# (DIY) Throttle Position Sensor 00' Maxima, I30



## sic75 (Nov 15, 2011)

I was told I needed to change the throttle Position Sensor for my 2000 Infiniti I30t with 220,000 miles. I have an infiniti I30 but I know more people have maximas and I need help right away. My car will sometimes turn off as soon as I start it. To fight this I have to press the accelerator to prevent it from stalling. Also sometimes when coming off the freeway to a red traffic light it wants to shut off and low RPMs. So I bought a after market direct fit TP Sensor.

I want to do this my self since it seems fairly easy to just change out but now I have read that it may need to be adjusted somehow. Also maybe the original could be just out of adjustment. 

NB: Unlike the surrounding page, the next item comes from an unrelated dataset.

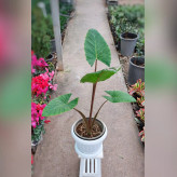 بابا آدم تنه قرمز ( آلوکازیا ) گیاه آپارتمانی با گلدان پلاستیکی

Can I just swap out the sensor or does it need to be adjusted? If so how do I go about doing that? Should I even try to do this my self?

Thank you for your help.


----------



## smj999smj (Jan 1, 2006)

Your TPS has a learned setting for the closed throttle position switch, unlike earlier Nissans that had a hard setting. First, I like to clean out the throttle body before adjusting to make sure the throttle plate isn't sticking, which will throw off the closed setting. The vehicle should also be fully warmed up to operating temperature. You'll need a set of feeler gauges and an ohmmeter or multimeter, as well, and a scantool to monitor the closed throttle position. I'm not 100% sure of the spec for the 00 I30t; it would be in the EC section of the service manual under "basic inspection." I'm pretty certain it's the same as the 98 Maxima, which requires 0.012" and 0.016" feeler gauges. The feeler gauges will be installed between the throttle drum stop and the throttle adjusting screw. The throttle position switch harness connector will need to be unplugged and the leads of the ohmmeter attached to pins #4 and #5 of the throttle position switch. With the thinner gauge installed, there should be continuity; with the thicker gauge installed, there should be no continuity. Once set, the leads can be removed and connector plugged back into the throttle position switch. At this point, the closed throttle position setting will need to relearned. Start engine and warm to normal operating temperature and shut off. WHile monitoring the closed throttle position switch via a scantool, turn the key "on" for at least 5 seconds and "off" for at least ten seconds. Repeat this cycle until the closed throttle switch monitor changes to "ON." You may have to repeat the cycle up to 16 times.


----------